The last words in the dialogue between Manley and Hulga are pivotal, critical, and chilling. Pointer states, “I know where I’m going […] You ain’t so smart. I been believing in nothing ever since I was born!” (283). From the quote, Pointer is evil incarnate. Manley’s words are a direct assault on everything, completely everything, that Hulga has believed.
Apparently, she did not know where she was going, and the seduction fails. Assumingly, she is not that brilliant mind imparting knowledge to an inferior one. She is being left virtually blind and unable to walk. Also, the fact that she believes in nothing is not a rare or elite stance. Manley Pointer does not need an education to make the same claim. Weighing everything, the audience realizes she has been usurped by him, and her superior intelligence, reason, and faithlessness leave her obviously trapped, virtually blind, and seemingly helpless.

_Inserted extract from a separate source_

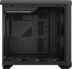 Fractal Torrent est conçu pour offrir un flux d’air exceptionnel grâce à des grilles ouvertes et un intérieur dégagé. Avec deux ventilateurs PWM 180 x 38 mm et trois ventilateurs 140 mm inclus, le Torrent garantit un refroidissement remarquable. Il prend en charge les formats standards de radiateurs et ventilateurs sur le support avant.

In the end, the fixity of the “Negroes” is used to quantify the Other and highlight Homi Bhabha’s process of stereotyping (Andermahr 80). Ironically, the reader realizes that Mrs. Freeman and Mrs. Hopewell, while picking evil-smelling onions, are the real “Others.” While the blind, one-legged Hulga remains trapped in an old barn in the back fields of the farm experiencing a keen awareness of her circumstances, both Mrs. Freeman and Mrs. Hopewell are lost in a blindness that is more profound than Hulga’s. With one exception, they will likely never see light, salvation, or truth.
Flannery O’Connor “acknowledg[es] that there is usually more than one way to read a story, she also state[s] that there was only one way she could possibly have written [a story]” (Charters 663). From Flannery O’Connor’s eyes and perceived vocation and through pain, loss, and utter devastation, it is Hulga, alone, who has the potential for redemption and salvation in “Good Country People.”